• **Work item**:
Nothing outside the range is to be copied. From the entries below, reproduce exactly the lines starting at the one with "Außergewöhnliche Collierkette 1980er" and ending at the one with "Kitchen towel with", without pictures.
[Opening Records provided section]
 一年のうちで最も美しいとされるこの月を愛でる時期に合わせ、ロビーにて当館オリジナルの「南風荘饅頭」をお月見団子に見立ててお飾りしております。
[Closing Records provided section]
[Opening Records provided section]
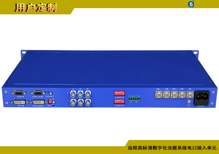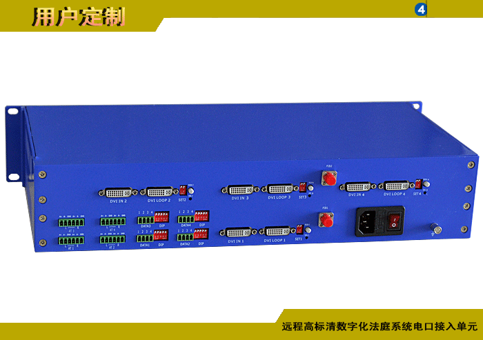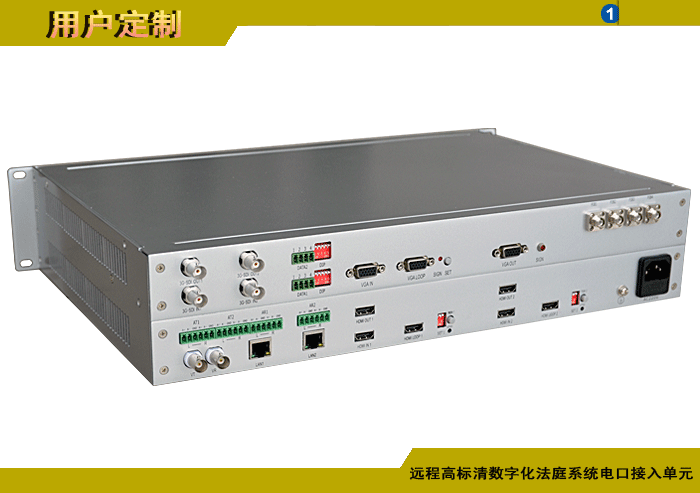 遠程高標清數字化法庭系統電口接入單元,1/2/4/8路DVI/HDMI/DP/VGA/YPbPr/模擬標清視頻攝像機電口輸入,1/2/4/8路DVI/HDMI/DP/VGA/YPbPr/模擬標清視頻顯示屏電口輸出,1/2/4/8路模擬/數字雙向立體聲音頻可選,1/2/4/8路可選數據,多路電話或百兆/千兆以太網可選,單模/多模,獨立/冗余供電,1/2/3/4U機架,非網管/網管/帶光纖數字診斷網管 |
[Closing Records provided section]
[Opening Records provided section]
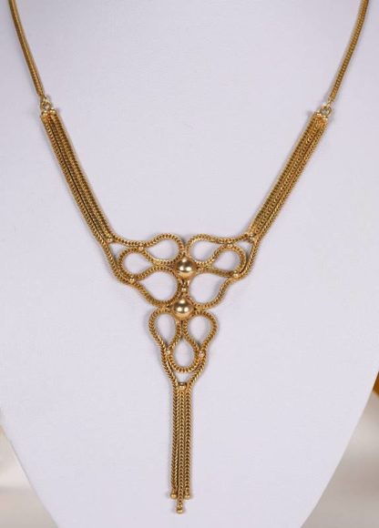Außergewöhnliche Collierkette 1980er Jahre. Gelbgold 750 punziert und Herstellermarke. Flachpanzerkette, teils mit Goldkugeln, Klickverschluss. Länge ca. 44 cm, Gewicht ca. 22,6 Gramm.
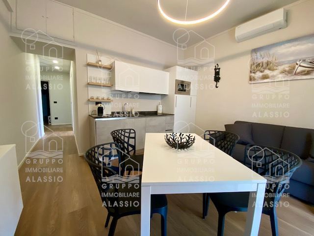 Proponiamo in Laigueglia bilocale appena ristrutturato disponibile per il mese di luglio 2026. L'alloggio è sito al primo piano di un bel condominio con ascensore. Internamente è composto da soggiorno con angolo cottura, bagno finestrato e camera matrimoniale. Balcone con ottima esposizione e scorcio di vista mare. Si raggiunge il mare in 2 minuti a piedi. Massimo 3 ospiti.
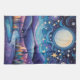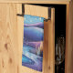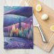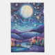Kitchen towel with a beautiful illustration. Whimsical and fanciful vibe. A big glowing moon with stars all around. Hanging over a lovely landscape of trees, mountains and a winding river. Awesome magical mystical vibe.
[Closing Records provided section]
• **Final answer**:
Außergewöhnliche Collierkette 1980er Jahre. Gelbgold 750 punziert und Herstellermarke. Flachpanzerkette, teils mit Goldkugeln, Klickverschluss. Länge ca. 44 cm, Gewicht ca. 22,6 Gramm.
 Proponiamo in Laigueglia bilocale appena ristrutturato disponibile per il mese di luglio 2026. L'alloggio è sito al primo piano di un bel condominio con ascensore. Internamente è composto da soggiorno con angolo cottura, bagno finestrato e camera matrimoniale. Balcone con ottima esposizione e scorcio di vista mare. Si raggiunge il mare in 2 minuti a piedi. Massimo 3 ospiti.
Kitchen towel with a beautiful illustration. Whimsical and fanciful vibe. A big glowing moon with stars all around. Hanging over a lovely landscape of trees, mountains and a winding river. Awesome magical mystical vibe.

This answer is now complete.